Chose certaine, M. Girard a promis de donner l’heure juste à la population, à cette occasion, sur l’état de santé financière du Québec, « en toute transparence ».
On sait déjà que la dette nette du Québec, qui atteint 189 milliards $, va s’alourdir de 12,4 milliards $ supplémentaires. Le ministre des Finances a indiqué mardi que le Québec allait se conformer à la recommandation en ce sens formulée par la vérificatrice générale, Guylaine Leclerc. Elle a jugé que le Québec devait revoir ses normes comptables reliées au calcul des paiements de transfert fédéraux.
À ce propos, le ministre Girard a tenté de se faire rassurant, en affirmant que cette modification comptable n’aurait aucun impact sur la dette brute du gouvernement, ni sur sa capacité d’emprunter, et ne devrait pas influencer non plus le jugement porté sur le Québec par les agences de notation de crédit, selon lui.
Dans sa mise à jour économique de novembre dernier, on apprenait que le Québec devrait composer avec des déficits totalisant 30 milliards $ de 2020 à 2023.
Alors qu’à son arrivée au pouvoir le gouvernement caquiste nageait dans les surplus, on anticipait en novembre un déficit de l’ordre de 15 milliards $ en 2020−2021, suivi d’un déficit de 8 milliards $ en 2021−2022, puis d’un autre de 7 milliards $ en 2022−2023.
Le 25 mars, il devrait faire le point sur son plan de retour à l’équilibre budgétaire. Pour se conformer à la loi, le Québec doit afficher un déficit zéro en 2025−2026. On maintiendra par ailleurs les contributions obligatoires au Fonds des générations.

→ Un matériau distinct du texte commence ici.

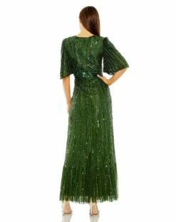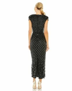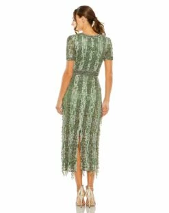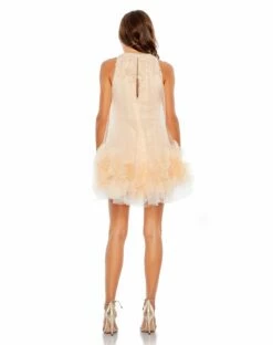 High Neck Sleeveless Sequin Embellished Trapeze A Line Dress

En dépit de ce gouffre financier et des ratés dans la colonne des revenus, le gouvernement Legault s’est engagé à maintes reprises à ne pas alourdir le fardeau fiscal des contribuables, donc à s’abstenir de hausser les taxes et les impôts, tout en maintenant à son niveau actuel le panier de services publics. L’avenir dira s’il réussira à tenir promesse dans un contexte financier aussi fragile.
En ces temps difficiles, il n’est pas question pour autant de réduire les dépenses de l’État, a dit le ministre des Finances, à la fois pour maintenir les services à la population, mais surtout pour stimuler l’économie. Après un an de pandémie, il faut s’attendre une fois de plus à ce que le ministère de la Santé, qui accapare déjà près de la moitié du budget de l’État, gruge la part du lion.

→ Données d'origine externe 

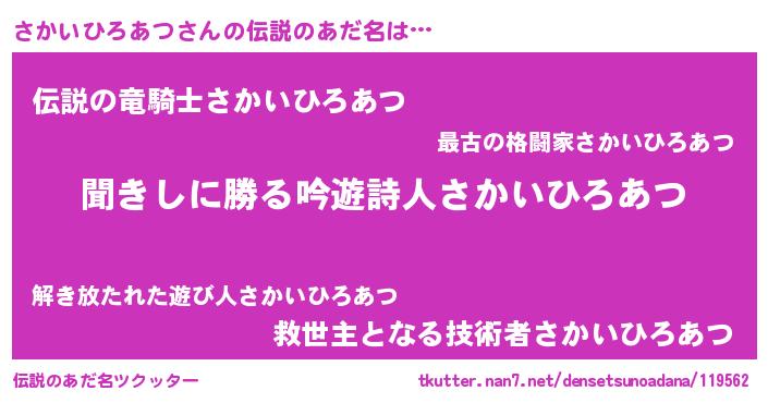 | 意味不明あだ名 | 『永久保存さかいひろあつ』 |

« À très court terme, il n’est pas question de réduire les dépenses. On est en pandémie. On fait des efforts colossaux au niveau de la santé et on va continuer », a-t-il promis, conscient que les besoins ne cessent de croître.
Le cadre financier présenté par le ministre des Finances s’étendra sur cinq ans.
Exceptionnellement, en raison du respect des mesures sanitaires, seuls les journalistes de la tribune de la presse pourront assister au huis clos du budget. Normalement, quelques centaines de personnes (experts, porte-parole des différents lobbys, membres des médias et de la classe politique) s’agglutinent au Centre des congrès de Québec pour éplucher et analyser le budget de 9 h à 16 h, soit jusqu’au moment de la présentation en Chambre.
Un budget féministe?
Au lendemain de la Journée internationale des femmes, les partis d’opposition ont réagi en mettant l’accent sur la nécessité d’avoir une préoccupation particulière pour les femmes, alors que les études démontrent qu’elles ont été davantage affectées par la pandémie que les hommes, notamment quant aux pertes d’emplois.
La députée solidaire de Sherbrooke, Christine Labrie, a réclamé que les femmes soient au cœur du plan de relance du gouvernement avec « des investissements massifs » qui leur seraient destinés dans le prochain budget, notamment dans le réseau des maisons d’hébergement pour femmes victimes de violence conjugale.
La veille, la ministre responsable de la Condition féminine, Isabelle Charest, avait annoncé un plan d’action visant à contrer les effets négatifs de la pandémie sur les femmes. Mme Labrie s’est montrée « profondément insultée » par ce document ne contenant que des « grenailles » pour les femmes en difficulté.
La cheffe de l’opposition officielle, Dominique Anglade, a renchéri pour dire avoir l’impression que ce document avait été écrit « sur le coin d’une table ».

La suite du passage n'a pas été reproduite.